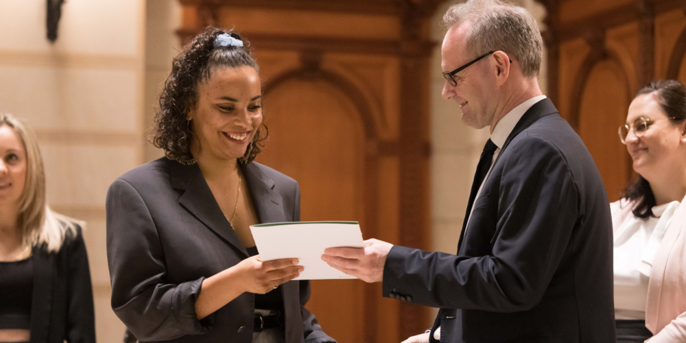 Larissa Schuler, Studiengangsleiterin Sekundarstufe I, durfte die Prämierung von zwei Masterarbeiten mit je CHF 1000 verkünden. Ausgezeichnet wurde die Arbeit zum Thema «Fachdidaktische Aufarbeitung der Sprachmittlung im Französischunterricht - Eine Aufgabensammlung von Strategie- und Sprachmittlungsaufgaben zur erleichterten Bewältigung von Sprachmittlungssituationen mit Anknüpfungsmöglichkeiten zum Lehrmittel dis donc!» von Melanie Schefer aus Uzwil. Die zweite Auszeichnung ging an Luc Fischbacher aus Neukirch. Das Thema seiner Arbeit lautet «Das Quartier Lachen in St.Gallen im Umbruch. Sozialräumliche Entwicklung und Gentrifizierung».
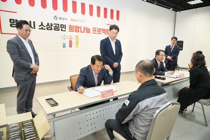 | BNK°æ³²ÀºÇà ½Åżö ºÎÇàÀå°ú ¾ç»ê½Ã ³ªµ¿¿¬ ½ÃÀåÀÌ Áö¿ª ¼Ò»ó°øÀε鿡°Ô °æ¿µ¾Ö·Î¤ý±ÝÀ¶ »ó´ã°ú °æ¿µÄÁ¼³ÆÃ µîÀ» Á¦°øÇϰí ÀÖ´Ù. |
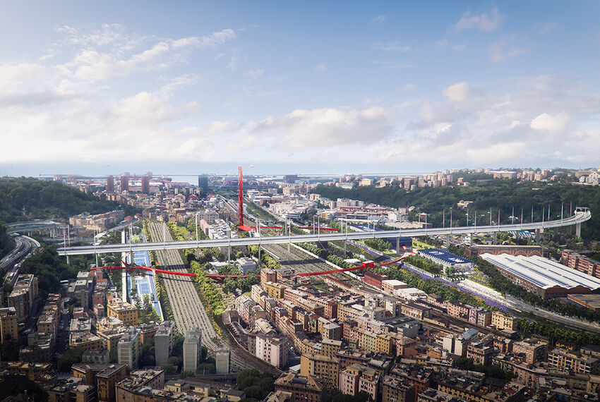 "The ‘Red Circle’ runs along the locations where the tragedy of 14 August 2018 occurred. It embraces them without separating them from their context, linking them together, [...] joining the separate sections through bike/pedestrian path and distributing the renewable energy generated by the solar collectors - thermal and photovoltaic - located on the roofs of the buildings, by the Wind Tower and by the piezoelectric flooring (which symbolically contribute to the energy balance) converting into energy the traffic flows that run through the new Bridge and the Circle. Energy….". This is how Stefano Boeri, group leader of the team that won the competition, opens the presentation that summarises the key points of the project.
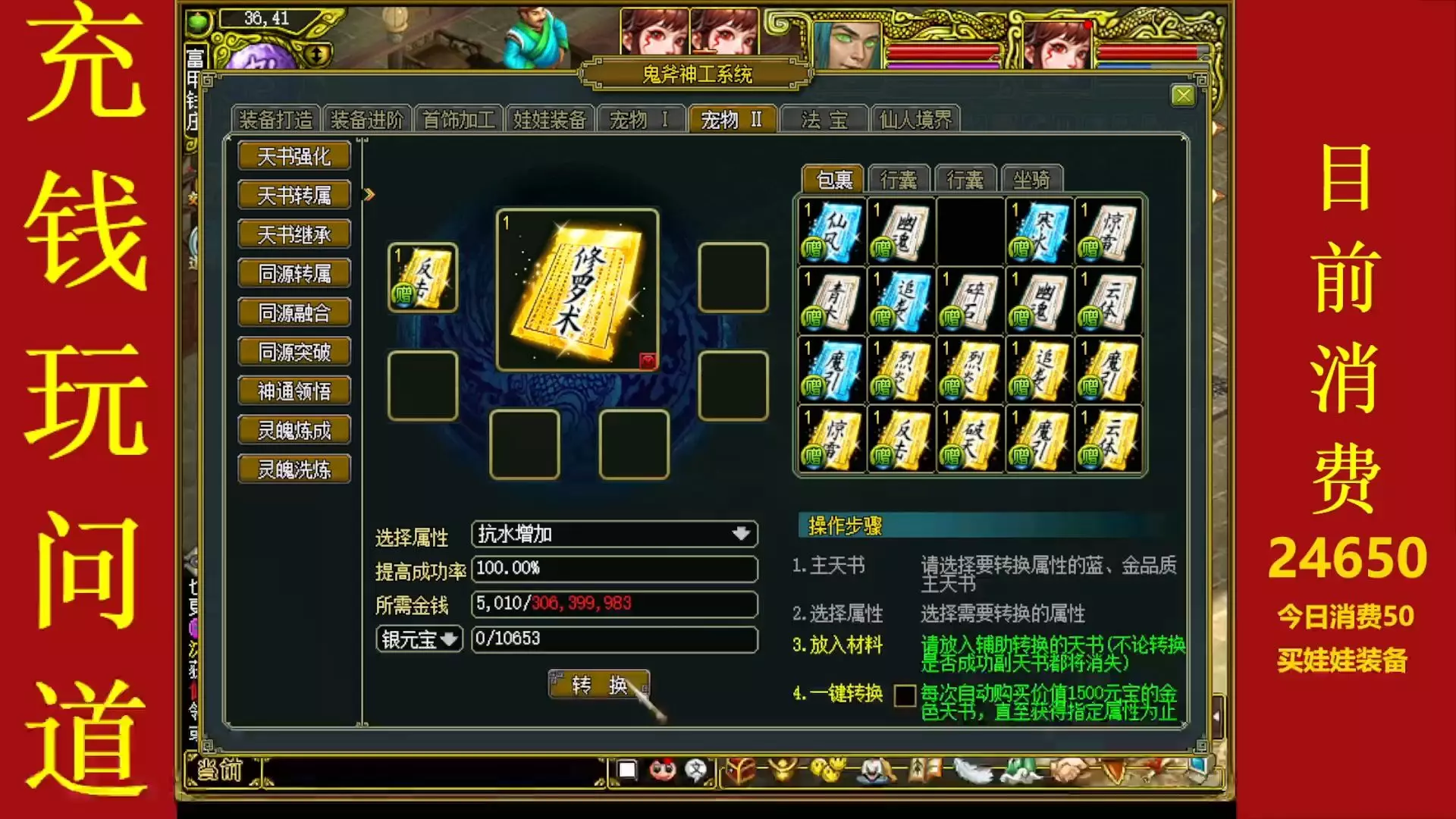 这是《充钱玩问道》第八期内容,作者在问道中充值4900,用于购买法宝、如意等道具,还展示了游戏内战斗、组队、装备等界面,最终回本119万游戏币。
======
**What to do**: Transcribe the material above in full. No picture is to be copied.

**Answer for this exercise**:
 Larissa Schuler, Studiengangsleiterin Sekundarstufe I, durfte die Prämierung von zwei Masterarbeiten mit je CHF 1000 verkünden. Ausgezeichnet wurde die Arbeit zum Thema «Fachdidaktische Aufarbeitung der Sprachmittlung im Französischunterricht - Eine Aufgabensammlung von Strategie- und Sprachmittlungsaufgaben zur erleichterten Bewältigung von Sprachmittlungssituationen mit Anknüpfungsmöglichkeiten zum Lehrmittel dis donc!» von Melanie Schefer aus Uzwil. Die zweite Auszeichnung ging an Luc Fischbacher aus Neukirch. Das Thema seiner Arbeit lautet «Das Quartier Lachen in St.Gallen im Umbruch. Sozialräumliche Entwicklung und Gentrifizierung».
 | BNK°æ³²ÀºÇà ½Åżö ºÎÇàÀå°ú ¾ç»ê½Ã ³ªµ¿¿¬ ½ÃÀåÀÌ Áö¿ª ¼Ò»ó°øÀε鿡°Ô °æ¿µ¾Ö·Î¤ý±ÝÀ¶ »ó´ã°ú °æ¿µÄÁ¼³ÆÃ µîÀ» Á¦°øÇϰí ÀÖ´Ù. |
 "The ‘Red Circle’ runs along the locations where the tragedy of 14 August 2018 occurred. It embraces them without separating them from their context, linking them together, [...] joining the separate sections through bike/pedestrian path and distributing the renewable energy generated by the solar collectors - thermal and photovoltaic - located on the roofs of the buildings, by the Wind Tower and by the piezoelectric flooring (which symbolically contribute to the energy balance) converting into energy the traffic flows that run through the new Bridge and the Circle. Energy….". This is how Stefano Boeri, group leader of the team that won the competition, opens the presentation that summarises the key points of the project.
 这是《充钱玩问道》第八期内容,作者在问道中充值4900,用于购买法宝、如意等道具,还展示了游戏内战斗、组队、装备等界面,最终回本119万游戏币。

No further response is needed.